====== Source material ======
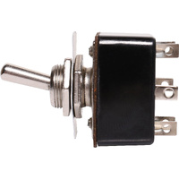 DPDT metal toggle switch with 3A rating @ 250V AC. With On-Off plate and metal actuator.
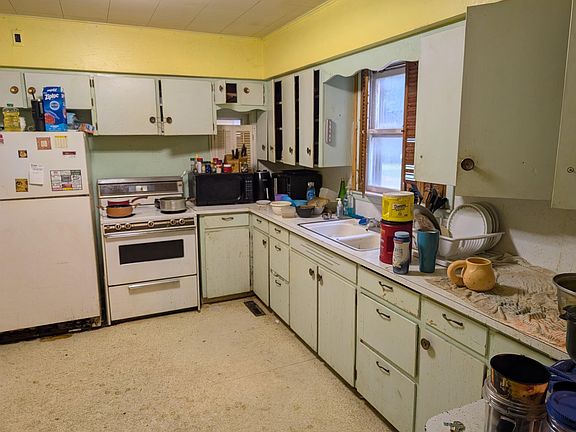 Great investment opportunity or own your home with income. This duplex has vinyl siding and an asphalt roof. The main floor apartment has 2 bedrooms and basement access. The second floor apartment has one bedroom with potential for a second. A garage is located on the east end of the home with alley access. This home could be converted back to single family if desired. Property is being sold as-is along with any remaining personal property.
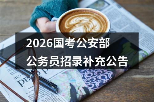 按照中央机关及其直属机构2026年度考试录用和公开遴选公务员工作部署安排,根据《人民警察法》《关于加强公安机关人民警察招录工作的意见》等法规政策规定,现就做好公安部及其直属机构2026年度公务员招录工作有关事项补充公告如下:
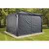 An den Seiten und dem oberen Rand befinden sich Ösen, durch welche die Planen am Gestänge befestigt werden können (empfohlen werden Spanngummis zur Befestigung – nicht im Lieferumfang enthalten).
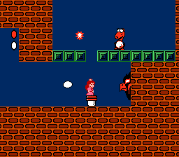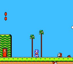 Mario Apparemment dort tout au long de cet épisode, et imagine toute l'histoire de Super Mario Bros 2. Il voit une porte vers quelque part (ouah c'est d'un précis...) et part ensuite à une pic nic party où il retrouve cette même porte. Il l'ouvre et tombe dedans. Et il tombe sur quoi ? Subcon c'est quoi ? Pourquoi les ennemis sont complètement différent de tous les Mario ? Ok j'ai dis que je n'en parlais pas que je jouais le mec pas au courant. Vous traversez les différents niveaux, en choisissant au départ avec qui vous suivrez l'aventure sur ce niveau. Vous avez le choix entre Mario, Luigi, Toad et la Princesse. Ils possèdent tous certaines aptitudes différentes. Ainsi on choisira la Princesse (qui vole pendant un certain temps) pour des passages où les sauts sont un peu tendus (il y a peu de passage de ce genre dans le jeu...), ou bien on prendra Toad (qui creuse vite) pour le monde du sable ou il faut creuser vite sous peine de s'agacer relativement vite. On traverse donc des paysages variés, comme la neige, le désert, pour arriver au final à Wart, le boss final.
======
Task to carry out
Without any pictures, please write out the lines from the one containing "An den Seiten" through the final line of the data, exactly and inclusive of both ends.

Final answer
 An den Seiten und dem oberen Rand befinden sich Ösen, durch welche die Planen am Gestänge befestigt werden können (empfohlen werden Spanngummis zur Befestigung – nicht im Lieferumfang enthalten).
 Mario Apparemment dort tout au long de cet épisode, et imagine toute l'histoire de Super Mario Bros 2. Il voit une porte vers quelque part (ouah c'est d'un précis...) et part ensuite à une pic nic party où il retrouve cette même porte. Il l'ouvre et tombe dedans. Et il tombe sur quoi ? Subcon c'est quoi ? Pourquoi les ennemis sont complètement différent de tous les Mario ? Ok j'ai dis que je n'en parlais pas que je jouais le mec pas au courant. Vous traversez les différents niveaux, en choisissant au départ avec qui vous suivrez l'aventure sur ce niveau. Vous avez le choix entre Mario, Luigi, Toad et la Princesse. Ils possèdent tous certaines aptitudes différentes. Ainsi on choisira la Princesse (qui vole pendant un certain temps) pour des passages où les sauts sont un peu tendus (il y a peu de passage de ce genre dans le jeu...), ou bien on prendra Toad (qui creuse vite) pour le monde du sable ou il faut creuser vite sous peine de s'agacer relativement vite. On traverse donc des paysages variés, comme la neige, le désert, pour arriver au final à Wart, le boss final.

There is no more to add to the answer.